Disc 2, entitled ‘Yezidi Circle Trap’ and ‘Beak and Snout’ has 18 tracks listed, but is actually another 21 minutes of test tones. An accomplice, the rusty felt covered disc, plays 10 tracks over 43 minutes. Their relationship alludes to :zoviet*france: involvement with displacement, for these are compositions without formality or structure. Yet they are punctured by imagination and punctuated with meaning. Layer upon layer. The fact of the caricature is, this music is ‘felt’ rather than heard.

Yet how different is the precise experience of the listener compared to that of the artist? Both enter a place of unknowing, and both are intent upon dealing with an ordinary present moment. In this place discarded items, obsolete objects, become redeployed in an ecologically measured output; the sounds become magnified grains like those of blurred, fading photographs. A cypher of human existence, disguised and abstracted to a point where meaning almost collapses, negated into an essence of possibility. The presence and power within this sound is such that the music that the listener hears is better than the music that the musician makes.
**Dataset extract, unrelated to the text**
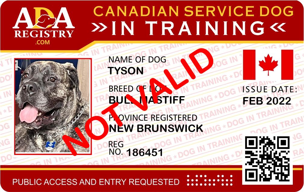 Service Dog In Training Registration for Tyson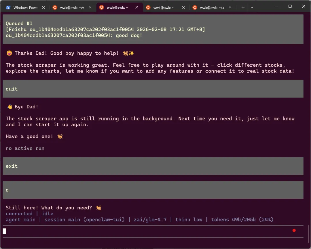 # 安装指南以及配置各种skill, api 指南 openclaw onboard # 重启/启动/停止服务 openclaw gateway restart openclaw gateway start openclaw gateway stop # openclaw 自动修复gateway, plugins 等配置问题,会自动重置配置文件 openclaw doctor --fix #安装插件 openclaw plugins install xxxx #查看openclaw 服务状态 openclaw gateway status{"models": {"providers": {"moonshot": {"baseUrl": "https://api.moonshot.cn/v1","apiKey": "sk-moonshot-key","models": [{"id": "moonshot-v1-8k"}]}, "glm4": {"baseUrl": "https://open.bigmodel.cn/api/paas/v4","apiKey": "glm4-key","models": [{"id": "glm-4"}]}, "deepseek": {"baseUrl": "https://api.deepseek.com/v1","apiKey": "sk-deepseek-key","models": [{"id": "deepseek-chat"}]}}}, "agents": {"defaults": {"model": {"primary": "glm4/glm-4"}}}}# 临时切换到其他模型(仅当前会话) export OPENCLAW_MODEL_PROVIDER=glm4 export OPENCLAW_MODEL_ID=glm-4 openclaw gateway常见问题

Even without beats, melody or words, :zoviet*france: still create a place where you can create meaning. “There was very little reprocessing on those. It was mostly straight recordings,” says Storey, of the collection. “That set of circumstances couldn’t ever be repeated, couldn’t ever be artificially recreated; where each person was in their own head, in their own life. There was a timeless and spaceless existence then, extending to everybody… There was no strategy. It was just :zoviet*france:”

Disc 3, entitled ‘Charm’ has 9 tracks listed, but only consists of 21 minutes of test tone droning. An ancillary red felt covered disc plays 9 tracks over 54 minutes. The opening is a piece of Industrial percussion with an ironically substantial melody. This is followed by a shuttling maracas which degenerates into a subhuman grunting. The third track is relatively empty, flooded with echoic electrickery that metamorphoses into a battered flute. This in turn is transplanted by the crackling of insect workers colonising air space. The median accumulates a slow procession of lonely noises. Crudely spliced together at the periphery of hearing, they merge between an assembly of broken cellos. The sixth track develops from plaintive acoustic drum rhythms with mild flute notes carrying a cautious melody. The tranquillity is ruptured by the heavy reverberations of a stunted bass. In turn this is replaced with a gentle reflective composition. In direct contrast, the noisy decomposition of the closing track impatiently disappears into the looped warning of imminent nuclear attack: “The radar screens. The radar screens.”

(written and published 1994)
noiseman13

noiseman13

January 3, 2014
referencing Popular Soviet Songs And Youth Music, 2xCass, Ltd, C90, none, REDC 58
Never had a good experiance with zoviet france expectation wise.I had a bad feeling about this release,and the price..as I've read...I was right to avoid it. How do acts like this thrive?
davidagbr

davidagbr

October 17, 2012
referencing Popular Soviet Songs And Youth Music, 2xCass, Ltd, C90, none, REDC 58
I used to have an official A4 press release/announcement/flyer that was issued by Red Rhino before "Popular Soviet Songs And Youth Music" was released. The flyer stated that the album was to be released in an edition of 200 copies. I've never seen any mention of just how limited this release was anywhere else except this flyer.

Sadly, I don't have the flyer any more, otherwise I'd scan and upload it. Maybe someone else still has a copy?
Brad.R

Brad.R

November 9, 2004
edited over 14 years ago
referencing Popular Soviet Songs And Youth Music, 3xCD, Album, STCD 024
This release was one of the worst experiences I have ever had with CD packaging. This is supposed to be 3 CDs in a stack, separated by 3 other "blank" CDs with a layer of felt glued on them. Unfortunately when I bought this, the CDs that were supposed to have music on them were blank, and the felt covered CDs had the music on them!

The felt covered CDs wouldn't play except in a portable discman, so I decided to try to peel the felt off of the CDs. After pulling and tugging on the felt, the CD snapped in half, right in my hands! So I tried to excahnge the package at the shop I bought it from, only to be told "that is what happens when you buy 'art'".